Task prompt
Each line from the one that holds "Contoh Karangan Sukan" to the end of the entries is to be given again exactly. Do not include pictures.

Data to process

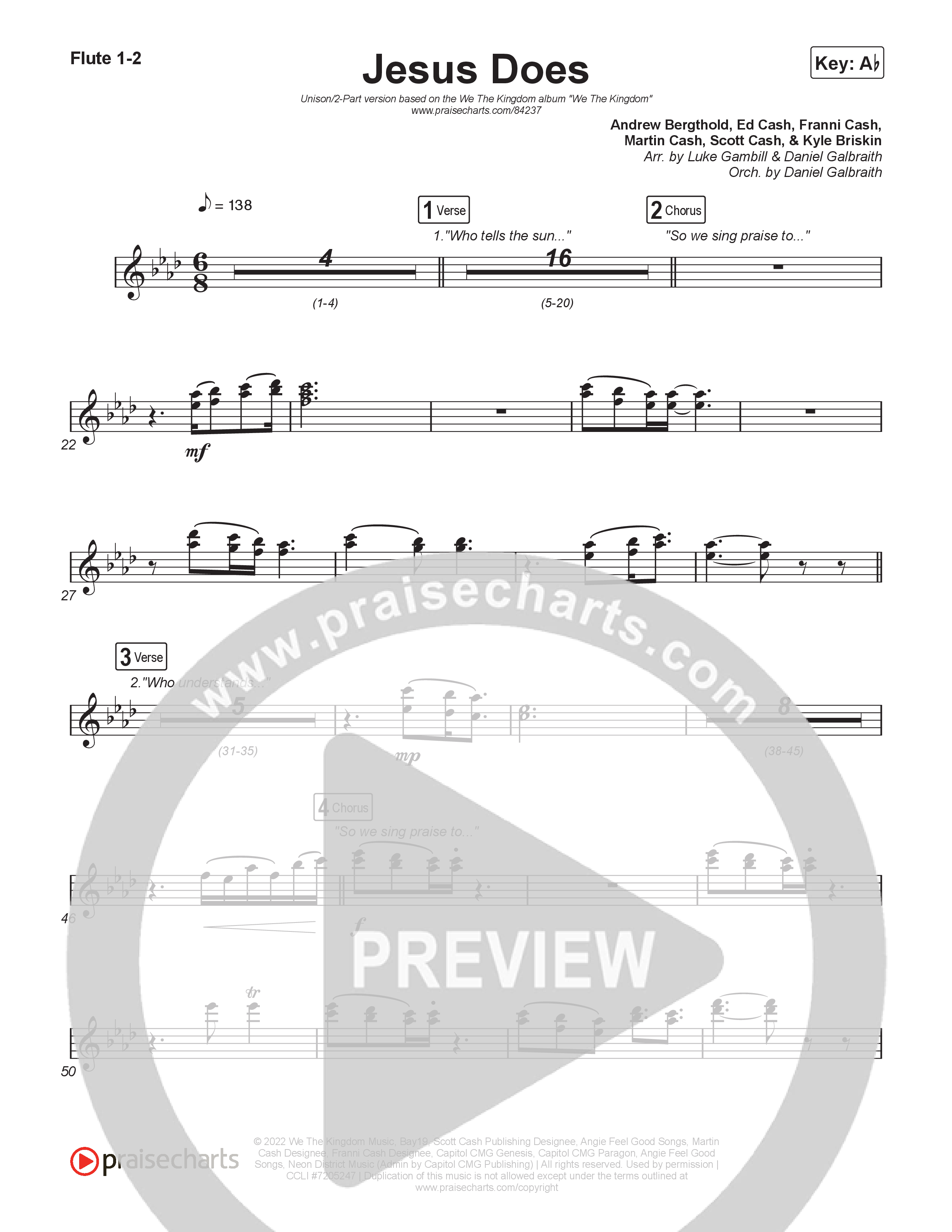 Download the Flute sheet music for Jesus Does (Unison/2-Part) by We The Kingdom / Arr. Luke Gambill, from the album We The Kingdom. This song was arranged by Daniel Galbraith / Luke Gambill in the key of Ab.
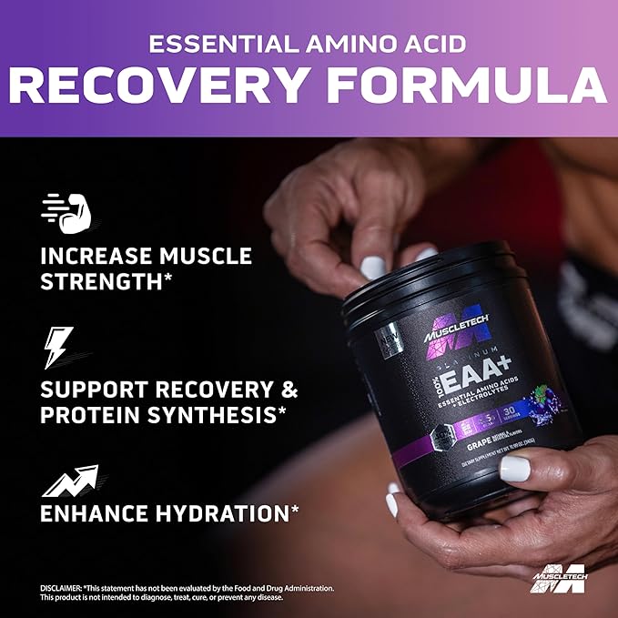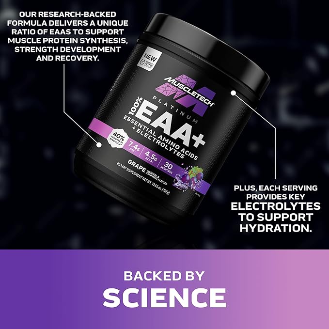 - Ultimate Recovery Backed by Science: MuscleTech Platinum 100% EAA+ is a workout essential. It delivers a unique ratio of essential amino acids (EAAs) to support muscle protein synthesis, strength development and recovery. Grape. 30 servings.
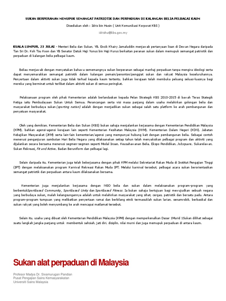 Contoh Karangan Sukan Sebagai Alat Perpaduan - 12 1 1 peranan sukan sebagai alat perpaduan dan keharmonian kaum sejarah tahun 6 malaysia di persada sukan.
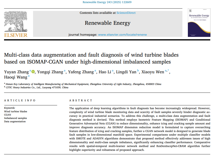 黄色漫画 李浩教授和张玉彦副教授团队在工程领域国际顶级期刊《Renewable Energy》(中科院一区TOP期刊,影响因子9.0)发表题为“Multi-class data augmentation and fault diagnosis of wind turbine blades based on ISOMAP_CGAN under high-dimensional imbalanced samples”(基于ISOMAP_CGAN的高维不平衡样本下风电叶片多类数据增强与故障诊断)的研究论文。
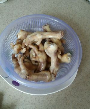 之前洗好的鸡爪凉水入锅,煮开后捞起来备用
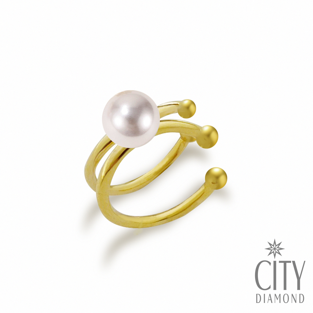 【City Diamond 引雅】純銀日本AKOYA珍珠5mm黃K色耳骨夾耳環(東京Yuki系列)

Written response
 Contoh Karangan Sukan Sebagai Alat Perpaduan - 12 1 1 peranan sukan sebagai alat perpaduan dan keharmonian kaum sejarah tahun 6 malaysia di persada sukan.
 黄色漫画 李浩教授和张玉彦副教授团队在工程领域国际顶级期刊《Renewable Energy》(中科院一区TOP期刊,影响因子9.0)发表题为“Multi-class data augmentation and fault diagnosis of wind turbine blades based on ISOMAP_CGAN under high-dimensional imbalanced samples”(基于ISOMAP_CGAN的高维不平衡样本下风电叶片多类数据增强与故障诊断)的研究论文。
 之前洗好的鸡爪凉水入锅,煮开后捞起来备用
 【City Diamond 引雅】純銀日本AKOYA珍珠5mm黃K色耳骨夾耳環(東京Yuki系列)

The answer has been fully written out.